Nitejar Docs
Use Nitejar

Costs & Budgets

Cost tracking, budget limits, and the ledger.

Nitejar tracks the cost of every inference call across every agent. Token counts, model pricing, and estimated spend are recorded automatically. You do not need an external billing system -- the app gives you a complete ledger.

In the broader app model:

  • Command Center shows cost pressure as an attention signal.
  • Costs is the ledger and source of truth.

How cost tracking works

Every time an agent makes an inference call, Nitejar records:

  • Prompt tokens and completion tokens for the call
  • Estimated cost, computed from the model's per-token pricing in the model catalog
  • Which agent made the call and which model was used

Costs are computed at call time, not after the fact. The model catalog stores pricing per model, and the runtime multiplies token counts by those rates. If the catalog does not have pricing for a model, cost is recorded as zero.

The ledger is the source of truth. Every dollar is traceable to a specific run, a specific inference call, and a specific agent.

The cost ledger

The cost ledger lives at Costs. It shows:

  • Total spend across all agents and models
  • Per-agent breakdown with trend charts
  • Per-model breakdown
  • Daily cost trend

Each entry in the ledger links back to the work item and run that incurred the cost. You can drill from the top-level summary down to individual inference calls.

Where to verify

Open Costs to see the full ledger. The summary cards show total spend, and the tables below break it down by agent and model.

Per-agent budget limits

Budget limits prevent runaway spend. You configure them per-agent from the agent's settings page.

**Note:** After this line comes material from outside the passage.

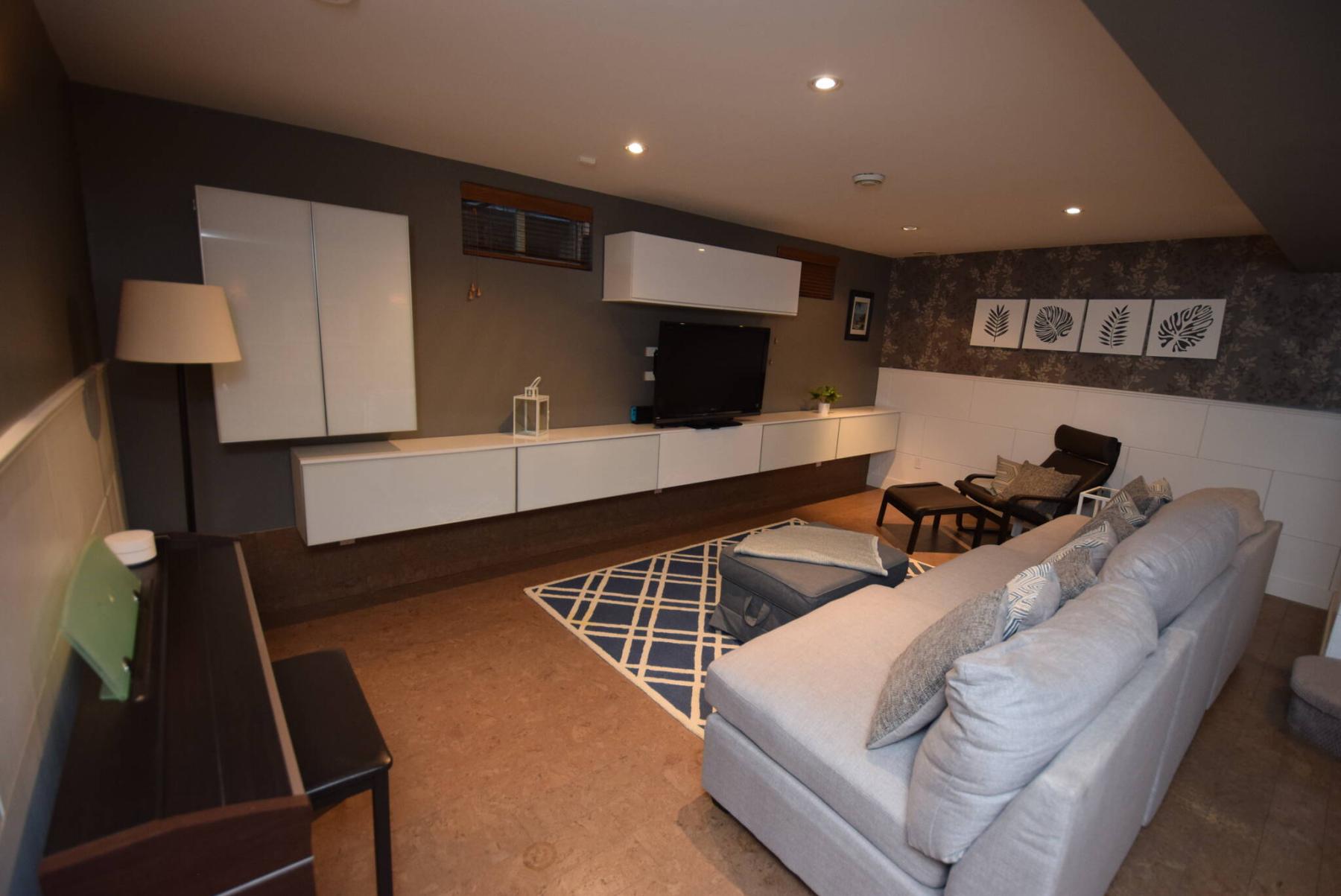 “The basement beneath the addition at the back of the home offers lots of storage space, plus an area close to the back door that makes a perfect spot to put coats and boots. The basement under the original part of the home is awesome, offering cork flooring, a media area with wet bar, flex space, a luxurious three-piece bath, huge laundry room and a utility/storage room.”
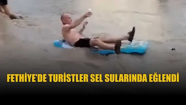 Muğla'nın Fethiye ilçesinde etkili olan sağanak yolları göle çevirirken, turistler sel sularında eğlendi.

  • Period -- hourly, daily, or monthly
  • Limit (USD) -- the maximum dollar amount the agent can spend per period
  • Soft threshold -- a percentage of the limit that triggers a warning
  • Hard threshold -- a percentage of the limit at which new runs are blocked

When an agent hits its hard budget threshold, new runs are refused until the period resets or you raise the limit. The agent is not killed mid-run -- it finishes its current work, but will not start new work until the budget clears.

Budget limits can also be set at the org level from Costs, applying a global ceiling across all agents.

Where to verify

Open Agents > [agent] and scroll to the Inference Costs section. Budget limits are displayed alongside current spend for the active period.

Model cost comparison

Different models have wildly different price points. Choosing the right model per agent is the single biggest lever you have on cost.

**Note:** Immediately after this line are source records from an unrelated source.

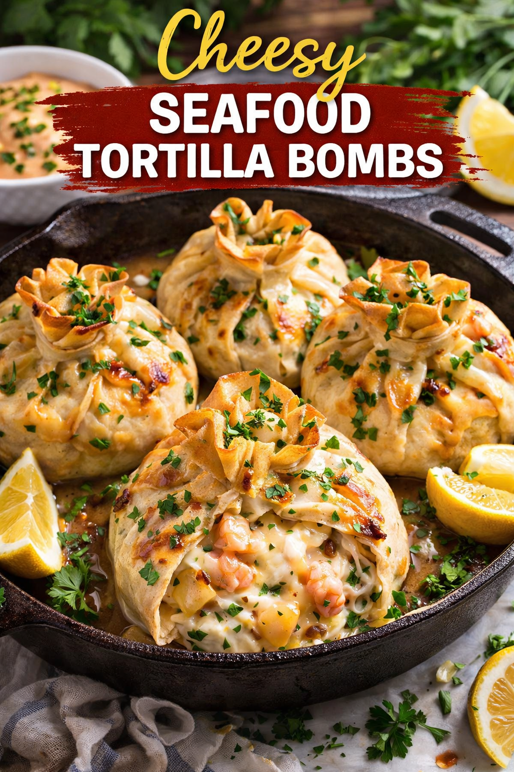 These Cheesy Seafood Tortilla Bombs are crispy on the outside and irresistibly creamy on the inside. Packed with a rich mixture of shrimp, crab (or mixed seafood), melted cheese, and savory spices, each tortilla is folded into a “bomb” and baked or pan-seared to golden perfection. Perfect as an appetizer, party snack, or indulgent main dish.
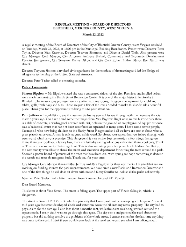 REGULAR MEETING BOARD OF DIRECTORS BLUEFIELD, MERCER COUNTY, WEST VIRGINIA March 22, 2022 A regular meeting of the Board of Directors of the City of Bluefield, Mercer County, West Virginia was held
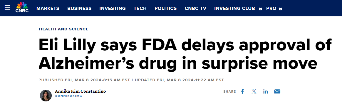 Eli Lilly and Company stock falls due to FDA delaying approval decision on Donanemab - antibody for early symptomatic Alzheimer's patients $BE:
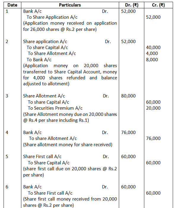 6. A limited company offered for subscription of 1,00,000 equity shares of Rs.10 each at a premium of Rs.2 per share 2,00,000. 10% Preference shares of Rs.10 each at par.
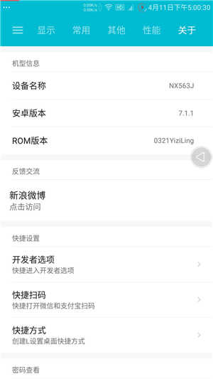 刷机需知 •务必刷入一款适合自己手机的TWRP—Recovery才可以刷机 •部分机型需进行格式化data分区(清除-格式化DATA分区-输入yes-确定) •格式化data会清除内置储存,格式化前记得备份好数据! •如果刷机指纹不能用,请检查刷机步骤是否双清,多次测试正常 •由于很多原因,论坛D大C大不再更新,后续我会维护 感谢D大等多位大神在制作过程中给予的帮助 基于上一版本修复制作0412版本 修复L设置短信闪光灯开启不可用 修复L设置按钮打开延迟问题 修复L设置其他页面残余BUG 加入黑域补丁版,开机自带 加入微博反馈,更简单解决问题 上一版可直接刷入,可不双清 Nubia自带全部特征,适度精简 深度优化系统残留沉淀,lib apk 完美使用SuperSU授权管理 自动签名boot,操作简便 破解系统限制,自定义精简程序 添加自编译高级设置-感谢D大指导 ★支持状态栏时间显秒设置 ★支持状态栏时间细化风格 ★支持状态栏显示星期和日期 ★支持状态栏锁屏下拉农历 ★状态栏添加锁屏文字自定义 ★状态栏添加上下运营商自定义 ★状态栏支持双排网速显示,带箭头 ★状态栏线性电池显示,带充电动画 ★状态栏支持电量文字隐藏或设置 ★添加悬浮助手,多模式可设置 ★添加滑动状态栏亮度调节,可开关 ★添加侧边栏开关,免VIP开启门槛 ★添加网络悬浮窗,样式透明自定义 ★添加摇晃自定义-10多种摇晃设置 ★添加双击自定义-10多种双击设置 ★添加来电闪光灯设置,多种模式 ★添加自定义电池图标,多图标可设置 ★添加编译版屏幕助手,支持自定义 ★添加虚拟按键,支持开关等设置 ★添加双击home锁屏,可设置开关 ★添加护眼模式,屏幕圆角设置 ★添加通知特效,无VIP开启门槛 ★添加屏幕密度DPI自定义设置功能 ★添加性能模式,支持多种省电运行模式 ★添加WIFI密码查看等一些常用设置 ★还有很多内容,未一一介绍...... 屏蔽部分系统界面启动广告 省电逻辑分级优化,更久待机 适度精简,保持特色,大内存 优化流畅度提升,达到长期使用的效果 更多功能,可自行体验,后续会不断开发

ModelApproximate costNotes
arcee-ai/trinity-large-preview:free$0Default. Free via OpenRouter. Good enough for most tasks.
Mid-tier models (Llama, Mistral)$0.10 -- $0.50 / 1M tokensReasonable for higher-quality output without breaking the bank.
Frontier models (GPT-4o, Claude)$2 -- $15 / 1M tokensBest quality, but costs add up fast with high-volume agents.

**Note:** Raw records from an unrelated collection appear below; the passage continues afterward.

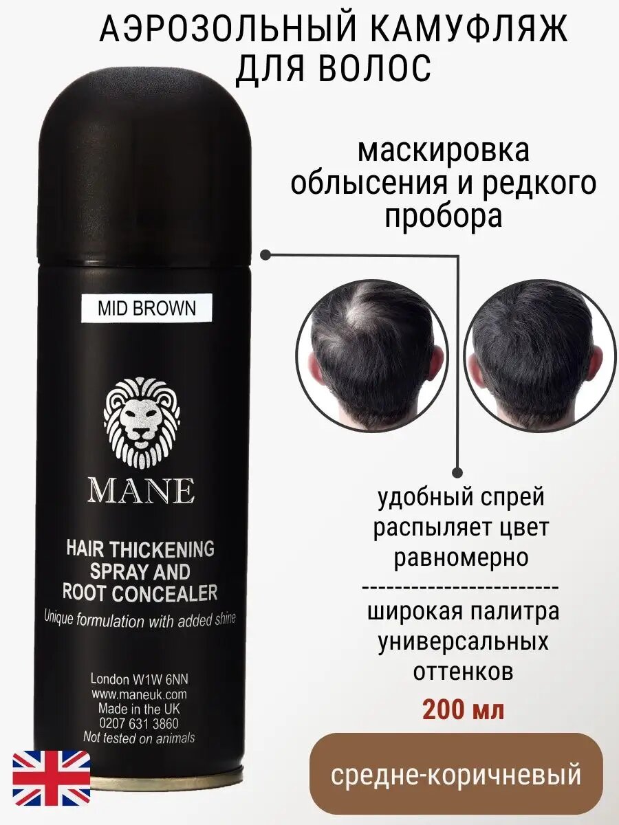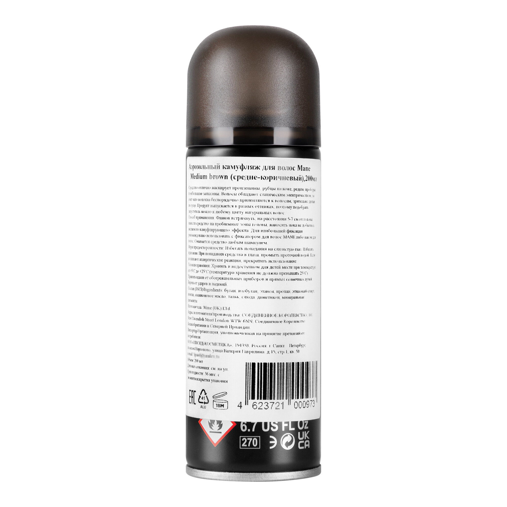Mane Камуфляж для волос аэрозольный Medium Brown средне-коричневый, 200 мл 1 шт
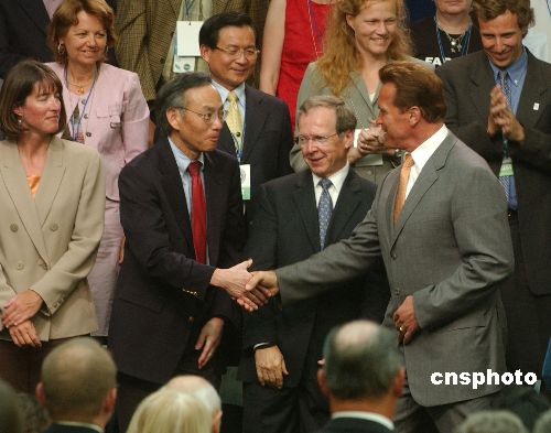 圖:施瓦辛格與美籍華人科學家朱棣文握手致意
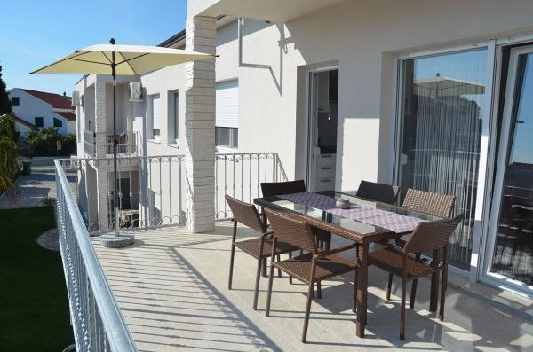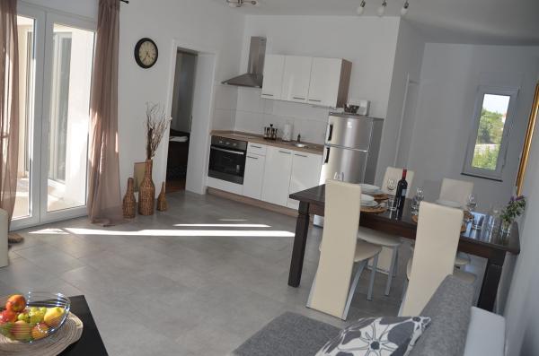 This year's summer holidays we spent in Srima, also in this apartment. We were delighted with the entire equipment and those small details that are usually overlooked everywhere. The apartment is very spacious, so that two children had at its disposal a lot of space to play. As if the room is not big enough, there is also a large terrace on which we have one little remark, otherwise it could have been a little more in the shade. In conclusion apartment is recommended for families, as children have plenty of space both in the house and the surroundings where the jungle. Not to mention the pizzas are very very tasty. Ps: All the locals were extremely helpful and friendly. Recommended! You will not regret!

The model catalog in Settings > Gateway shows per-token pricing for every model available to your instance.

Model call receipts

Every inference call is recorded as a receipt. Each receipt includes:

  • Model used
  • Prompt tokens
  • Completion tokens
  • Estimated cost
  • Latency
  • Tool call flag

Receipts are visible in two places: the work item timeline and the cost ledger.

Where to verify

Open Activity > [work item] to see the timeline of inference calls for a specific run. The same data rolls up into Costs at the aggregate level.

Cost at the run level

Each work item tracks its own total cost. When you open a work item's detail page, the cost is shown alongside the run timeline, token counts, and tool calls.

The Command Center surface summarizes cost pressure across the fleet, giving you a quick signal when spend is part of the current attention picture. Use it for posture. Use Costs for the actual ledger.